[DATASET EXCERPTS Boundary: Start]

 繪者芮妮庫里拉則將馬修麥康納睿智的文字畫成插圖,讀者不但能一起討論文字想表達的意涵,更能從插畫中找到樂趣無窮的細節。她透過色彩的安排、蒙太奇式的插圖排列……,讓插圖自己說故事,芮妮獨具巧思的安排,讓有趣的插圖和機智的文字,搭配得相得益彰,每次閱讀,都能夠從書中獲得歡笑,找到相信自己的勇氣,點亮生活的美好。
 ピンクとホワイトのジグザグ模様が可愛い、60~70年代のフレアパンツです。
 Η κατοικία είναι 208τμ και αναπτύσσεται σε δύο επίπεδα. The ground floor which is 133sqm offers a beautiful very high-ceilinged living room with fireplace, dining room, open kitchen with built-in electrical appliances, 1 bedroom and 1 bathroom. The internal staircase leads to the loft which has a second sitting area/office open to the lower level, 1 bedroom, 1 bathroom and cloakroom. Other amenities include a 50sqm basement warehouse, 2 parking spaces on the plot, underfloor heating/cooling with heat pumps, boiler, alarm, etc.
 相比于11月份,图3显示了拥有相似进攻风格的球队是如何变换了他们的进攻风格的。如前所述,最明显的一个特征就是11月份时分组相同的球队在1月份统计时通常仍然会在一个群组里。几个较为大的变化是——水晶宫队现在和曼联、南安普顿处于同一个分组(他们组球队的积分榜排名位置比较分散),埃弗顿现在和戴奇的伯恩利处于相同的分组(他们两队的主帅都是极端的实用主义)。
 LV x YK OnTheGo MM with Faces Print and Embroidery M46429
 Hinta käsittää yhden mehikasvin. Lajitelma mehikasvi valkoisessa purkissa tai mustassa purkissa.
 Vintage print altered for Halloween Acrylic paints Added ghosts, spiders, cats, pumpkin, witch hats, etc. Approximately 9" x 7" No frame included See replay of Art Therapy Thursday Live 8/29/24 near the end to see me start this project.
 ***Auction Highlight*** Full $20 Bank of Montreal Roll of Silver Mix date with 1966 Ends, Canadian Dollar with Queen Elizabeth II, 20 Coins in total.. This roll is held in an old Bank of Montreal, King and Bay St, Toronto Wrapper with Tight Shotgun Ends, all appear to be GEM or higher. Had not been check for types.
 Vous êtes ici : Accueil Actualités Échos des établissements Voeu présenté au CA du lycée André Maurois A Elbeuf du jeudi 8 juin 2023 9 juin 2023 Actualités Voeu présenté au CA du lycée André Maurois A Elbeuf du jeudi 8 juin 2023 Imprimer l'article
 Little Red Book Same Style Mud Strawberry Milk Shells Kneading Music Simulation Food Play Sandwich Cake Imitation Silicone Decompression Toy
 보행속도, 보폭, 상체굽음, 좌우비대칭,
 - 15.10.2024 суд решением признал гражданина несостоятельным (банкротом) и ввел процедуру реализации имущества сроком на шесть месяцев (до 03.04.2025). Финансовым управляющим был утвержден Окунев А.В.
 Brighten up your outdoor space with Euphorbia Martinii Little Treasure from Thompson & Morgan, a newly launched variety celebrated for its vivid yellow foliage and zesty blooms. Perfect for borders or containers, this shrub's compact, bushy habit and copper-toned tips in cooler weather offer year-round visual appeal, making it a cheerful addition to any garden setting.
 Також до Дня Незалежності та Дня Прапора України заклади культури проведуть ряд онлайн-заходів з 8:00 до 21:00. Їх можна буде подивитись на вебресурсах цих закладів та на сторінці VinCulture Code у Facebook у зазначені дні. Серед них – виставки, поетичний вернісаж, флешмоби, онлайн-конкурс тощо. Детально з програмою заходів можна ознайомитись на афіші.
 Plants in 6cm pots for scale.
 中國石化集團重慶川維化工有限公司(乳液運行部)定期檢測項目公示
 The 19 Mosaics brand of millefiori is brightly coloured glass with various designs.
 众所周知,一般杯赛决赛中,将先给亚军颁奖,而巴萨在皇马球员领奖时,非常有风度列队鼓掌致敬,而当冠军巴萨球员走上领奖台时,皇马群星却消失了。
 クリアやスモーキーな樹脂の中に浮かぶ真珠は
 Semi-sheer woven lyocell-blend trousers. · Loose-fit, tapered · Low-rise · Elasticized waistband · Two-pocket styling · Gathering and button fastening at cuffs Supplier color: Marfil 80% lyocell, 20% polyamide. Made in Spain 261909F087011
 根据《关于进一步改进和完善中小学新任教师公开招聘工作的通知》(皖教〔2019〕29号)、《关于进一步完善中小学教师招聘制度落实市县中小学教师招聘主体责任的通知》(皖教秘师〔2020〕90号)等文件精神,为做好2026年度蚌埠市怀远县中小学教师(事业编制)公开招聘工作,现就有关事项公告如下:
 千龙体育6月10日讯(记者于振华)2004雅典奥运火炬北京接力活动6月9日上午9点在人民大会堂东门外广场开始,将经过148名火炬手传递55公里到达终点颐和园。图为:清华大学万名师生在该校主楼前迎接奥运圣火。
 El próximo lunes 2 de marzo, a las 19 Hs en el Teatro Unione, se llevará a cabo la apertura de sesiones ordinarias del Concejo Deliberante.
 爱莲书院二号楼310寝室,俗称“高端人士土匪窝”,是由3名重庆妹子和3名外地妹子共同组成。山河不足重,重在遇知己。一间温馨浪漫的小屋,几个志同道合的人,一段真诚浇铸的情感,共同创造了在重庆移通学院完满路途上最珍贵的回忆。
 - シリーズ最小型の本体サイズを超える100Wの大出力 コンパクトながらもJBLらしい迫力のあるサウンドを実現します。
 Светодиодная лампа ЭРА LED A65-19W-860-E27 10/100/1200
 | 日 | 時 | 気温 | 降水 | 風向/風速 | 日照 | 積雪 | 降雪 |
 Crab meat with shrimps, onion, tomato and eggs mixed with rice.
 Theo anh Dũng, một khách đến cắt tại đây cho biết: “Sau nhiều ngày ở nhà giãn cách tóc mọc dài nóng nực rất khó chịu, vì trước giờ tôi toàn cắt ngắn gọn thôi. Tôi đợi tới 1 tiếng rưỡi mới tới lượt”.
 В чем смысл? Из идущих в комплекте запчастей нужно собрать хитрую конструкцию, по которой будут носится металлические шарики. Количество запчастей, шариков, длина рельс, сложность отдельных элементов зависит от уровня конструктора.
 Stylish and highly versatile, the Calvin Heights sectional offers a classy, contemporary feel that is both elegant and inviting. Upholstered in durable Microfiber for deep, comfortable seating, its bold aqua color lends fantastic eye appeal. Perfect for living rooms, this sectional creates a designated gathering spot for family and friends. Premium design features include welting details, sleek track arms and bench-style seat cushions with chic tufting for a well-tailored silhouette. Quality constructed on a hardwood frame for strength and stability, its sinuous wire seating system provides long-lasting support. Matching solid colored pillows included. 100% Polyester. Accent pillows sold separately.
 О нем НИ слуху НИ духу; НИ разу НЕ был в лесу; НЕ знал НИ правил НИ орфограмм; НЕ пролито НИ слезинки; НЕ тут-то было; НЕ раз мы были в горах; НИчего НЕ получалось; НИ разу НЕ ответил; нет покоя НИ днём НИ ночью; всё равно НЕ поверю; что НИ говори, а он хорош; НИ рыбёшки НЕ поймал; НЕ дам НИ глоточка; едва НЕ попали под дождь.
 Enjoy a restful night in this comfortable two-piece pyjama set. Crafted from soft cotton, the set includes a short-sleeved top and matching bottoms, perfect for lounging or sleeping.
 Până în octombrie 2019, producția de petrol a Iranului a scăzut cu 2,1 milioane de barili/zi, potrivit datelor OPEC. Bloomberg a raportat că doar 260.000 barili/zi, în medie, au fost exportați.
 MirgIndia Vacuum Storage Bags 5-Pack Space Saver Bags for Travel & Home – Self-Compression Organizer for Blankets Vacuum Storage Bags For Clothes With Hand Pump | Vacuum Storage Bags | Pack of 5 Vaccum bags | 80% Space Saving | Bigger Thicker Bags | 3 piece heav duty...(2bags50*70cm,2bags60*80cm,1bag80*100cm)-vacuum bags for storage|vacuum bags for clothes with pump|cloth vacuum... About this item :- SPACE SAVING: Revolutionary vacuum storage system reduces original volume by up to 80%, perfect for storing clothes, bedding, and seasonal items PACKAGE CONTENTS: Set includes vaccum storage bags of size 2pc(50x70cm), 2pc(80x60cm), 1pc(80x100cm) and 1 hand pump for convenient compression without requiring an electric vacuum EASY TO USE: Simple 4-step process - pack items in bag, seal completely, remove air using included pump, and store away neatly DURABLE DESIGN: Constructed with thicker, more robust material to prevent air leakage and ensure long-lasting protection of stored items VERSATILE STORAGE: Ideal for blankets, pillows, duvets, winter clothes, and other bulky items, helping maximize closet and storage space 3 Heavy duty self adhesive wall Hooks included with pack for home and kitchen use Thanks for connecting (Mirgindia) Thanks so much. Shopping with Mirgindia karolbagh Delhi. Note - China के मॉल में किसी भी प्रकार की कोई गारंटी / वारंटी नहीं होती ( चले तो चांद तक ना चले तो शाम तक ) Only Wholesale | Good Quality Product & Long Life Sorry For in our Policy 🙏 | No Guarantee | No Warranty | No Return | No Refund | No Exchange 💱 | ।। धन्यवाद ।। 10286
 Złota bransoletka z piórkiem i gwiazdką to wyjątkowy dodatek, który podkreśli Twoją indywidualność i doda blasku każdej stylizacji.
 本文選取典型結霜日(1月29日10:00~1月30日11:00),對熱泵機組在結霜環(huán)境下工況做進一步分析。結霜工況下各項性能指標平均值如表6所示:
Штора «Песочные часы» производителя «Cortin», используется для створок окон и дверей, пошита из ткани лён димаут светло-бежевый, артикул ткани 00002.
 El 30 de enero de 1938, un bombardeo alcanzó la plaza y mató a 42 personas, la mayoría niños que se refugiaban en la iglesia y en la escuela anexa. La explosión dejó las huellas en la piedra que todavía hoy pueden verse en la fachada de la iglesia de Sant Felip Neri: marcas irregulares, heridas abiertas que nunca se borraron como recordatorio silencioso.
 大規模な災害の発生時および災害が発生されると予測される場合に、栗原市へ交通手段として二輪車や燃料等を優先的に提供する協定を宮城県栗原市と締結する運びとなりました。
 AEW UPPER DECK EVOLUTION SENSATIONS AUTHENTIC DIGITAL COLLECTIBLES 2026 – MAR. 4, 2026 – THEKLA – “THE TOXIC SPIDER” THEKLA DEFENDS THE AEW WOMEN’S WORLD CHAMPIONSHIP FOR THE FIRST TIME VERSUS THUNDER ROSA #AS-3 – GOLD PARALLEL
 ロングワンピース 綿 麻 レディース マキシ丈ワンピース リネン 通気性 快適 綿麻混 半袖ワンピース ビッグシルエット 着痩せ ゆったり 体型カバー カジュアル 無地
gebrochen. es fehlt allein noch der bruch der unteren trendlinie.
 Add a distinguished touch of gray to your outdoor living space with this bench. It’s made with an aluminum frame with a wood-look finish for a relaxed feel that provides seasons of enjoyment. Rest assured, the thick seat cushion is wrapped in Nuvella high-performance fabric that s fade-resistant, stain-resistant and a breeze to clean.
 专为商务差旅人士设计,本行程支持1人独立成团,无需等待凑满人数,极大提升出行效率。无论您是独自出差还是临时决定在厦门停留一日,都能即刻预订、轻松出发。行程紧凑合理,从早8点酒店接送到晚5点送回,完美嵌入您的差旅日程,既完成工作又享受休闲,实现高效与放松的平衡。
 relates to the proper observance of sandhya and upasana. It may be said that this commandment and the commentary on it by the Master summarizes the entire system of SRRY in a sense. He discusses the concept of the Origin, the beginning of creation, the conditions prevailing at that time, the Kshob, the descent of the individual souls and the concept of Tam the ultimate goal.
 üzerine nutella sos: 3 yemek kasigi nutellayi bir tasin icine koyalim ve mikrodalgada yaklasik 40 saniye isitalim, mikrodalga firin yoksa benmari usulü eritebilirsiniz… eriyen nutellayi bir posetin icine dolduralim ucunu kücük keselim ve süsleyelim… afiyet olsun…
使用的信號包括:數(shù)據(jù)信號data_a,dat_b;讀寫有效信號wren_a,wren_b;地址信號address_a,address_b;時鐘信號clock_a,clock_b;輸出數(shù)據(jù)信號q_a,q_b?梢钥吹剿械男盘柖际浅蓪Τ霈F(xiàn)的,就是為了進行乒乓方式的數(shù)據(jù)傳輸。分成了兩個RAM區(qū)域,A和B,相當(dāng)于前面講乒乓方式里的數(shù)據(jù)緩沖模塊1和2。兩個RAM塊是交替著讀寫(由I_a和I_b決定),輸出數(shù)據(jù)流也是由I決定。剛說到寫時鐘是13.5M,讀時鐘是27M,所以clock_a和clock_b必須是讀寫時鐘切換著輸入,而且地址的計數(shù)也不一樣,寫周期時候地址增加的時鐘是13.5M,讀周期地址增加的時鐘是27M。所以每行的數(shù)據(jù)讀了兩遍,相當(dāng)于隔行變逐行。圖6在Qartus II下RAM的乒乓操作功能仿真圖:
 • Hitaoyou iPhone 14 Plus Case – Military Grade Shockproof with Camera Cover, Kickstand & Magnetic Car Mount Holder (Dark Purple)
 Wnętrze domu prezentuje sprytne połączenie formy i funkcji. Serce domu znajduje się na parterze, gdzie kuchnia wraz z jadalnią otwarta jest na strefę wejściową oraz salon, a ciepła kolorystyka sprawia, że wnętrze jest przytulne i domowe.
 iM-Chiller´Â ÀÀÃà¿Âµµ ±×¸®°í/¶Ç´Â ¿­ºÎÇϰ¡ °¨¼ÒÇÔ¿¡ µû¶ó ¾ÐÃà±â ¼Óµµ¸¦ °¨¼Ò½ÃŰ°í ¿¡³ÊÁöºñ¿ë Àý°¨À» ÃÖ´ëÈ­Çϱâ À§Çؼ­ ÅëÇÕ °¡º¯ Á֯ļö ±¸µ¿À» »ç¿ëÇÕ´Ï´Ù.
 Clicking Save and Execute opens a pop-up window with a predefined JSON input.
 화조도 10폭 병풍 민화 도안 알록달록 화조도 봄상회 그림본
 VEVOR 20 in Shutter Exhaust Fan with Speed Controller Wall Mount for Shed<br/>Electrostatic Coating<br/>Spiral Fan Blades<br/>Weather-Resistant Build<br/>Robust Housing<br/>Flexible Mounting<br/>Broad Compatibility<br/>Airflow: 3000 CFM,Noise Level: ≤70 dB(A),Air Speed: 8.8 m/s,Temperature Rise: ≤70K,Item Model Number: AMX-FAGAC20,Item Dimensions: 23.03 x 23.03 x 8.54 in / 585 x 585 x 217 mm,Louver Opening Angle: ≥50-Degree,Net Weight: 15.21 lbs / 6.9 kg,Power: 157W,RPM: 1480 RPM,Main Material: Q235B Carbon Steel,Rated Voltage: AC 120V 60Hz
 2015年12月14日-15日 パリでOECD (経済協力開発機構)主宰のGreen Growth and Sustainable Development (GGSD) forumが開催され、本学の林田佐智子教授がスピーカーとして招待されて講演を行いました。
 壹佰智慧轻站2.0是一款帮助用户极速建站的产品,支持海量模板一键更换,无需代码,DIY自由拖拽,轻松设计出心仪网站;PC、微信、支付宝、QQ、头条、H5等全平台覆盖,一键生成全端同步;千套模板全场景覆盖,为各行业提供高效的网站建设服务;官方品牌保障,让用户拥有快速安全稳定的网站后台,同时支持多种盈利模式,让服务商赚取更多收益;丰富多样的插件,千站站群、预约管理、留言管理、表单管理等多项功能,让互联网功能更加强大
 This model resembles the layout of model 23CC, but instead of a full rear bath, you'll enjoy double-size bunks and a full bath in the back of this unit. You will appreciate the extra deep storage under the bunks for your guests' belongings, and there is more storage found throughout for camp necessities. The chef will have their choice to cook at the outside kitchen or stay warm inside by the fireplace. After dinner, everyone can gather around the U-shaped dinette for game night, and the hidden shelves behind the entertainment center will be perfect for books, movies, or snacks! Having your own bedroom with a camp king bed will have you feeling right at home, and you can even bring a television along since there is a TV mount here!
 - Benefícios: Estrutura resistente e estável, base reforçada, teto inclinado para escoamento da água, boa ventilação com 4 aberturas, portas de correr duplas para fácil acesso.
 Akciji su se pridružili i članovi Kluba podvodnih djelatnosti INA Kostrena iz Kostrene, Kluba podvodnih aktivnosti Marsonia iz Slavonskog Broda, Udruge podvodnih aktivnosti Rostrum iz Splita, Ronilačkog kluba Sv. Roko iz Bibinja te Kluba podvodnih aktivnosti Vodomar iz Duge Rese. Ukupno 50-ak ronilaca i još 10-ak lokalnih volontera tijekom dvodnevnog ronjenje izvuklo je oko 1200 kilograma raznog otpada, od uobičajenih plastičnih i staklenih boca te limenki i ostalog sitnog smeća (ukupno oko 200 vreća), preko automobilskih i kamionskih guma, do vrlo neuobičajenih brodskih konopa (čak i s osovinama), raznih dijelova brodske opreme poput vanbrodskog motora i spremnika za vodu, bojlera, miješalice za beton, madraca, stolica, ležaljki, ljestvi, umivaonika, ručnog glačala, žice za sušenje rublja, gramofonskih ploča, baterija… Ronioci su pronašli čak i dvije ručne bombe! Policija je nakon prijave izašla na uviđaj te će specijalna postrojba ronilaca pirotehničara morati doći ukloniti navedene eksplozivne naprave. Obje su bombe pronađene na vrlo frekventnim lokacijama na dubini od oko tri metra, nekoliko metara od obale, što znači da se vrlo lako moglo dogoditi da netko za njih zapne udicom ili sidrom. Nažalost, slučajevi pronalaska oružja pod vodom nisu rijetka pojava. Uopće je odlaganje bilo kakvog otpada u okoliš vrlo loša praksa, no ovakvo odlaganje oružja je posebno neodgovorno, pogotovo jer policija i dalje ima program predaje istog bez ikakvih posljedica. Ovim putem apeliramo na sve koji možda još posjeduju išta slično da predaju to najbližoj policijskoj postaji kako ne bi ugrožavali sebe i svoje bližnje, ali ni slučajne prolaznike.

[DATASET EXCERPTS Boundary: End]

Looking at the entries above, count the lines that hold the string "seat" and reply with the count alone.

2